Using `posthog-python` with Gunicorn and `preload_app = True`

### TL;DR

When using Gunicorn with `preload_app = True`, `setup` **must** be called in Gunicorn's `post_fork` callback. Otherwise, events pushed into `Client.queue` will never been seen by `Consumer` and won't be sent to Posthog.

### Gunicorn

Gunicorn is a commonly used web server for Python projects that uses a pre-fork worker model to achieve concurrency. One of Gunicorn's settings, [`preload_app = True`](https://docs.gunicorn.org/en/latest/settings.html#preload-app), tells Gunicorn to load application code before forking worker processes.

From the Gunicorn docs:

> preload_app
>
> Command line: --preload
>
> Default: False
>
> Load application code before the worker processes are forked.
>
> By preloading an application you can save some RAM resources as well as speed up server boot times. Although, if you defer application loading to each worker process, you can reload your application code easily by restarting workers.

Python uses a copy-on-write model when forking processes, so this setting can significantly reduce memory usage in certain scenarios.

### posthog-python

**NOTE:** We're going to get into how `fork()` works in Python, which isn't an area of expertise for me, so please forgive me if anything here is wrong.

[`Client.capture`](https://github.com/PostHog/posthog-python/blob/da09639428a4f6da520e4b15b954c2d2487fd67a/posthog/client.py#L448) calls [`Client._enqueue`](https://github.com/PostHog/posthog-python/blob/da09639428a4f6da520e4b15b954c2d2487fd67a/posthog/client.py#L866) which calls [`self.queue.put`](https://github.com/PostHog/posthog-python/blob/da09639428a4f6da520e4b15b954c2d2487fd67a/posthog/client.py#L941). [`Client.queue`](https://github.com/PostHog/posthog-python/blob/da09639428a4f6da520e4b15b954c2d2487fd67a/posthog/client.py#L166) is an instance of [`queue.Queue`](https://docs.python.org/3/library/queue.html), which is a thread-safe queue provided by the Python standard library.

When a `Client` instance is created before Gunicorn forks its worker processes, the `fork()` call shares the memory of the `Client` instance, including `Client.queue`, between the master and worker processes.
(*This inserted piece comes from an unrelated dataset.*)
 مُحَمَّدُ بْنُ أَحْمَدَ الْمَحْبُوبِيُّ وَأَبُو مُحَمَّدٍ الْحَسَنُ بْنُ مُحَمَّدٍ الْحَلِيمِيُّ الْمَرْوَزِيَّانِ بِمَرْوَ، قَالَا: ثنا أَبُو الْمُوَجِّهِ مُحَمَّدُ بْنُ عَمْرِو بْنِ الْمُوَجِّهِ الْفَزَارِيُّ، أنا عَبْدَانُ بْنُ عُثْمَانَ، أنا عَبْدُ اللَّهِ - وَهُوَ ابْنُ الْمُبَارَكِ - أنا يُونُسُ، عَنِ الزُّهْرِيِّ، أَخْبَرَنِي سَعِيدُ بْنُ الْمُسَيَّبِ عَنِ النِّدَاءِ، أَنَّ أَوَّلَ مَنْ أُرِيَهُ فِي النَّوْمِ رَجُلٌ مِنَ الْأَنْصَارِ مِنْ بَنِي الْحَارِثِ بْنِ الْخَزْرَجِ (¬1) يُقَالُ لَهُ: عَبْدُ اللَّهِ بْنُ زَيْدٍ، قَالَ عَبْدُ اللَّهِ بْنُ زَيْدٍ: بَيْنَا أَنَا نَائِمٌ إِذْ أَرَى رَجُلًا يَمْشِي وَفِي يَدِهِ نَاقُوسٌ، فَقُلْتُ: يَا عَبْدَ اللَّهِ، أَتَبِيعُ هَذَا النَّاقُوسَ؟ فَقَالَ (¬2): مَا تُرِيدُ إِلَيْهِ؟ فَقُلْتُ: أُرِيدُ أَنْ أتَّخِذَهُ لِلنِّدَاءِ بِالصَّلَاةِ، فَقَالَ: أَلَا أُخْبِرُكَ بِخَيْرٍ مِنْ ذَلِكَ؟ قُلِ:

When a worker process writes to `Client.queue`, Python forks the memory and the worker process gets its own copy that contains the event that was added to the queue. That event **does not** get added to `Client.queue` in the master process.
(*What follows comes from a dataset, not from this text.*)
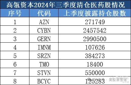 三季度,高瓴资本清仓了8只医药股,而在上季度,高瓴资本没有清仓医药股。

`Client.__init__` creates zero or more `Consumer` instances and stores them in `Client.consumers`. `Consumer.start` is called for each instance and no other changes are made to `Consumer` until `Client.shutdown` is called. If `Client.__init__` is called before Gunicorn forks and no writes to `Client.consumers` happen after the fork, then `Client.consumers` will share memory across the master and worker processes, which means `Consumer.queue` will always be the `queue.Queue` instance created in the master process. But because writing to `Client.queue` causes Python to create a new copy of the queue for worker processes, the `queue.Queue` instance created in the master process will always be empty. No events will ever be sent to Posthog.

### Solutions

I have a few ideas for potential solutions, with varying degrees of confidence:

1. Initialize the default client by calling `setup()` inside Gunicorn's [`post_fork`](https://docs.gunicorn.org/en/latest/settings.html#post-fork) callback

    This ensures that every worker process gets its own set of `Consumer` instances and everything behaves as expected. You could also use `post_fork` to initialize a custom `Client` instance, but I haven't tried that myself.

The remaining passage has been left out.